Replacing vegetable oils with fish fat may be key for migraine sufferers

If you're someone who suffers from migraines, you may benefit from reducing the number of vegetable oils in your diet and replacing them with fish fat. That's according to a new study published by the NIH's National Institute on Aging, the National Institute on Alcohol Abuse and Alcoholism (NIAAA), and the University of North Carolina at Chapel Hill.

The study focused on people who frequently suffer from migraines, a particularly intense and painful type of headache that may last for hours or days. The research builds upon a past study on a polyunsaturated fatty acid called linoleic acid, which is most often sourced from vegetable oils, and the role it may have in migraines.

This time around, the study involved 182 people who frequently suffered from migraines. The participants were split into three groups, each given meal kits: one kit had high levels of fatty fish oils and linoleic acid; one had high levels of fish fat and linoleic acid; and one had high levels of linoleic acid but low levels of fatty fish, which mirrors the typical American diet.

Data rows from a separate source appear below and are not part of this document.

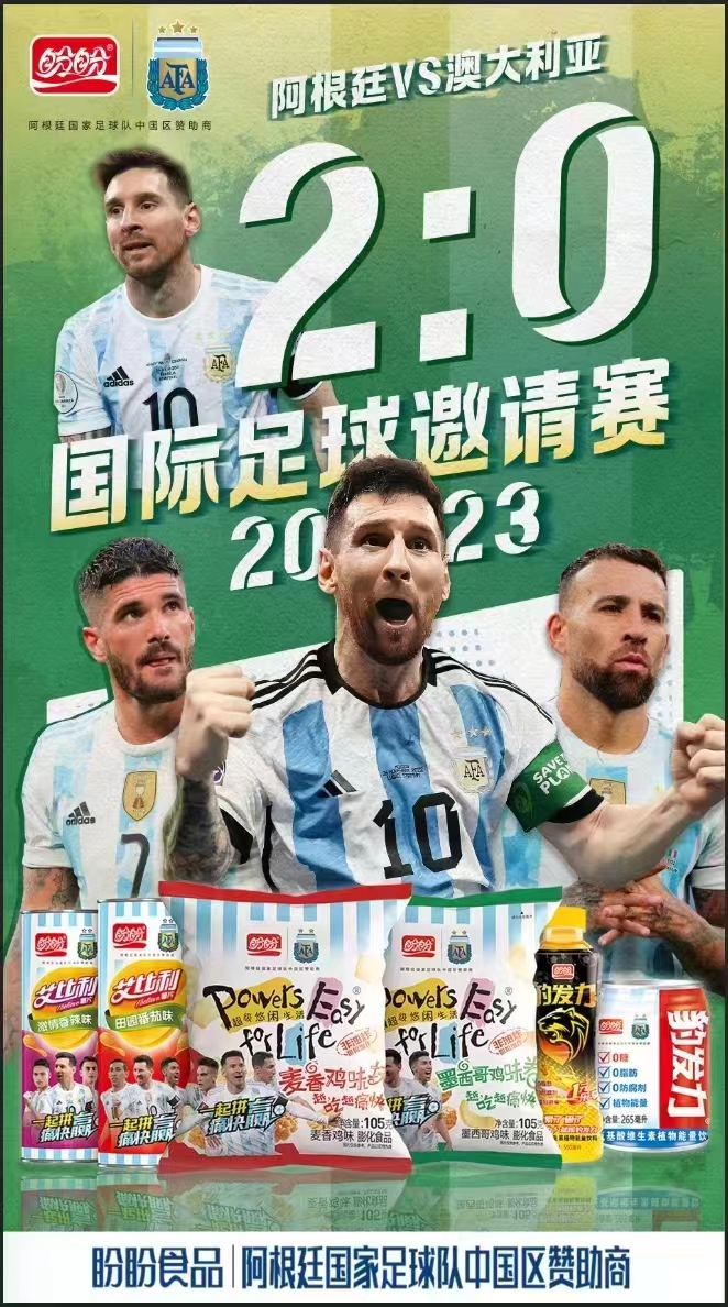 2:0!阿根廷赢了!6月15日晚,梅西带领阿根廷国家队在北京工人体育场举办的国际足球邀请赛上,对阵澳大利亚国家队。在比赛开场不到2分钟梅西便闪电进球,为阿根廷队取得梦幻开局,据阿根廷当地媒体报道,这个进球也是梅西职业生涯中的最快进球,下半场,梅西策动进攻,德保罗精准传中,佩泽拉头球破门,最终以2:0的成绩战胜澳大利亚男足国家队。值得一提的是,梅西此次比赛打满全场,梅西在属于他的足球赛场奋力拼搏,作为阿根廷国家足球队中国区唯一休闲零食及能量饮料赞助商,盼盼食品携旗下豹发力能量饮料助力梅西一战“豹”发,创造属于自己的辉煌!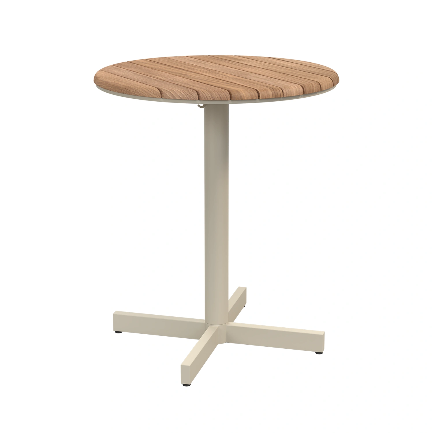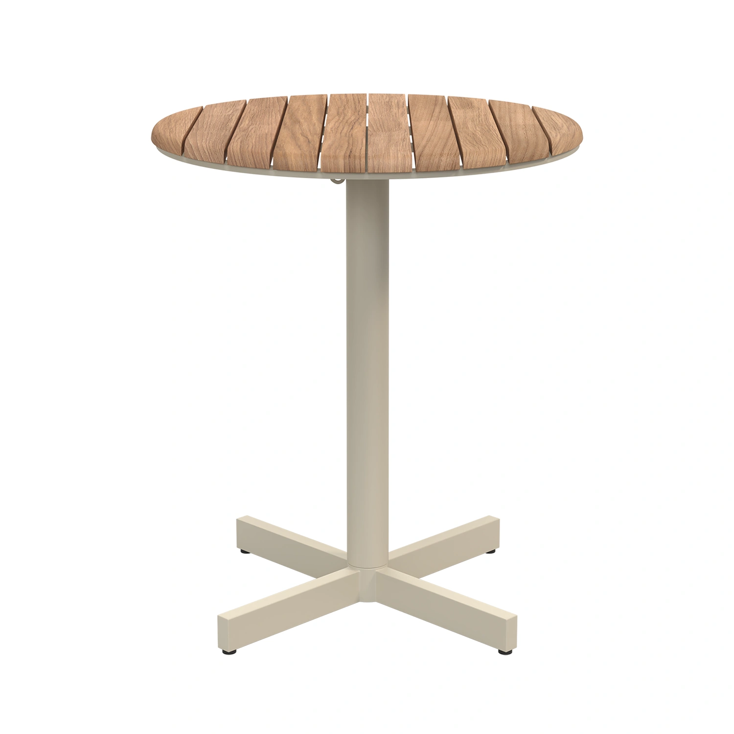 Pelagus Cafébord (Ø62,5 cm) har en rund, mittbaserad design med en bordsskiva i massiv teak och en pulverlackerad aluminiumram, tillgänglig i ljus elfenben och grönt. Utrustat med en länkanordning under bordsskivan som möjliggör säker sammankoppling av bord eller förvaring av en liten väska, vilket kombinerar funktionalitet med minimalistisk stil.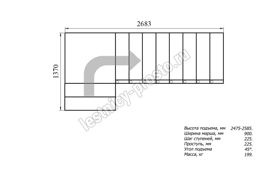 Модульная лестница Статус 225 2475-2585, Белый, Сосна, Крашеная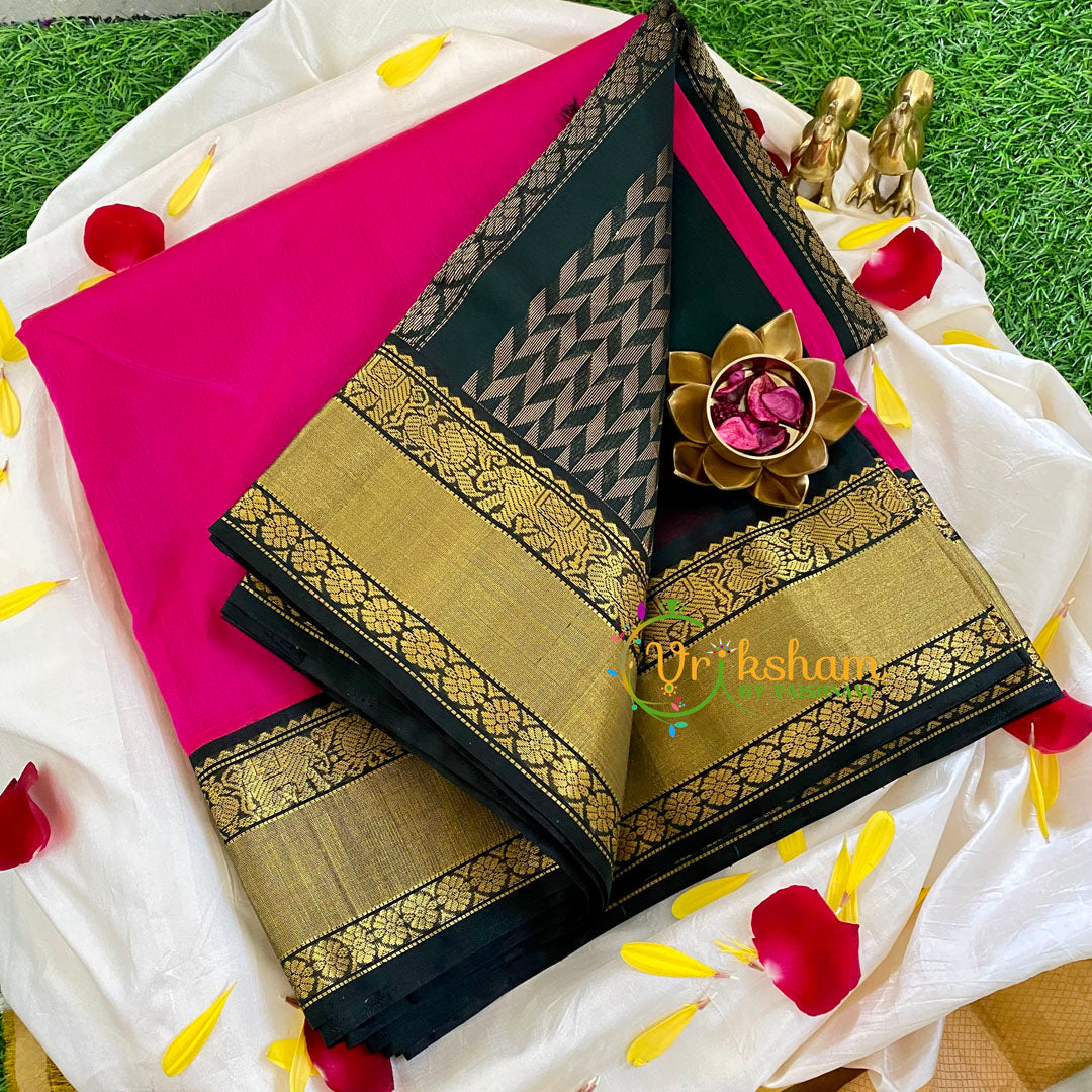 Pink with Black Silk Cotton Saree-Handloom Korvai - Festive wear saree –Plain Pattern throughout the saree; comes with Blouse attached. Two side contrast border and pallu.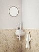 Круглый умывальник дополняется элементом дизайна в виде кронштейна белого/черного цвета или из нержавеющей стали. Магия элегантности объединяет в один тон сочетание консоли, смесителя, сифона и слива.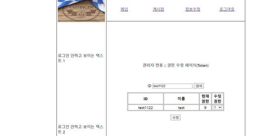 해당 페이지에서 원하는 계정의 권한을 1 -> 9로 수정하고 '수정' 버튼을 클릭하면 아래와 같이 alert창이 출력된다.
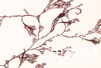 【原形态】藻体紫红色,软骨质,分节清晰,长4-10(-20)cm,直径0.6mm。二叉分枝,枝端钳形,主枝先端弯曲成镰刀状。四分孢子囊散生在钩状部分。囊果生在小枝的顶端。固着器盘状,圆锥形。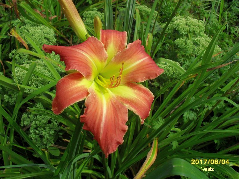 Hochblüte Mitte Juli. Aber, ehrlich gesagt, bin ich ganz froh, daß sie mit den anderen blüht. Um Spätblüher ist es schade, die werden kaum noch angesehen im Hemsgarten. Die könnten ansonsten nur in den Rosenbeeten stehen und da habe ich mir vorgenommen, es weniger pflegeintensiv zu gestalten.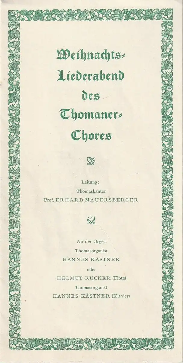Leitung: Erhard Mauersberger. An der Orgel: Hannes Kästner oder Helmut Rucker, Flöte / Hannes Kästner, Klavier. Programm: Weihnachtslieder von Giovanni Gabrieli, Michael Praetorius, Johann Eccard, Dietrich Buxtehude, Johann Sebastian Bach, u. a. Des weiteren Weihnachtslieder aus Holland, Frankreich, Österreich und Ungarn - Theaterprogramm, Opernprogramm, Ballettprogramm, Musicalprogramm, Konzertprogramm, Theatermemorabilia, Programmhefte Sammlung, deutsche Theatergeschichte.

These meals were consumed over the 16-week study period. During that same time, the participants recorded how many days involved migraines, their medication use, and the intensity and duration of the migraines; they also recorded how the migraines impacted their lives, including things like work and school.

At the study's start, the average number of headaches the participants experienced per month was 16, including more than five hours of pain. The group that was given meals high in fatty fish and low in linoleic acid experienced a 30- to 40-percent decrease in how many migraines they experienced in a month, the number of hours a day spent experiencing 'severe headaches,' and the overall number of hours spent with headaches during the day.

The findings build upon evidence that increasing the amount of omega-3 fatty acids in one's diet while reducing the amount of linoleic acid may be a useful lifestyle intervention for migraine sufferers.